Speaker, our government, under the leadership of Premier Ford, is committed towards developing a modern and robust animal welfare ecosystem with laws that keep our animals safe and their owners reassured. The proposed Enhancing Professional Care for Animals Act is part of a series of steps we’ve taken and will continue to take in this direction.

Just last month, I had the pleasure to join the debate on Bill 159, Preventing Unethical Puppy Sales Act, which was brought forward to stop harmful dog-breeding practices and impose stringent penalties on violators. The PUPS Act addressed an important policy issue spotlighted in my very first private member’s bill here in the House, called Protecting Our Pets Act.

And today, this House is taking decisive action towards updating the legislative framework that governs veterinary services in this province. The changes we are debating are much-needed to increase access to veterinary care in Ontario, but most importantly, they answer the requests that veterinary professionals and animal owners have been bringing forward for years. We have arrived here after a long journey involving multiple and meticulous discussions with stakeholders across the province. I’m proud that our government has put our shoulders to the wheel in this process.
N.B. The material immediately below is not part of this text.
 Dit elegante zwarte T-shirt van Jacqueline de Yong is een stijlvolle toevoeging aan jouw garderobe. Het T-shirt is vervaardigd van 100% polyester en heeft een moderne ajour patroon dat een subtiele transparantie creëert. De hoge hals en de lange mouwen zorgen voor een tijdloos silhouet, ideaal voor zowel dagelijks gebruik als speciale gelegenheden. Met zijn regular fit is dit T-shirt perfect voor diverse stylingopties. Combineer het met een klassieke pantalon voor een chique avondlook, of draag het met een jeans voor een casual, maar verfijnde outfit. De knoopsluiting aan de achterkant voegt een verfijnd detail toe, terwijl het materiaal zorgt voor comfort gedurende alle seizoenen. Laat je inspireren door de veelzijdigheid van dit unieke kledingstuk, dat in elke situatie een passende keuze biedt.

Exactly a year ago, in May 2023, I was happy to host a round table with vets in Etobicoke–Lakeshore, with my colleague Rob Flack, who is now the Associate Minister of Housing. Then, he was the parliamentary assistant to the Minister of Agriculture, Food and Rural Affairs. He was there to help lead the consultations, along with my colleague from Eglinton–Lawrence. The discussions we held on modernizing the Veterinarians Act have allowed us to stand here with a better understanding of how to strengthen the tools needed by veterinary professionals to do a better job.
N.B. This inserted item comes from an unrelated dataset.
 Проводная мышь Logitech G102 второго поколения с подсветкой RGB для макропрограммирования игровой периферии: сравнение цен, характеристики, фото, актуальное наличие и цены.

Before I move further, I just want to take this opportunity to recognize those stakeholders and partners from my community of Etobicoke–Lakeshore who joined me that day in May 2023. I want to thank them for their work in providing care for our animal companions. I want to acknowledge the tireless animal welfare advocates, such as the Etobicoke Humane Society, Toronto Kitten Rescue, TinyPurring.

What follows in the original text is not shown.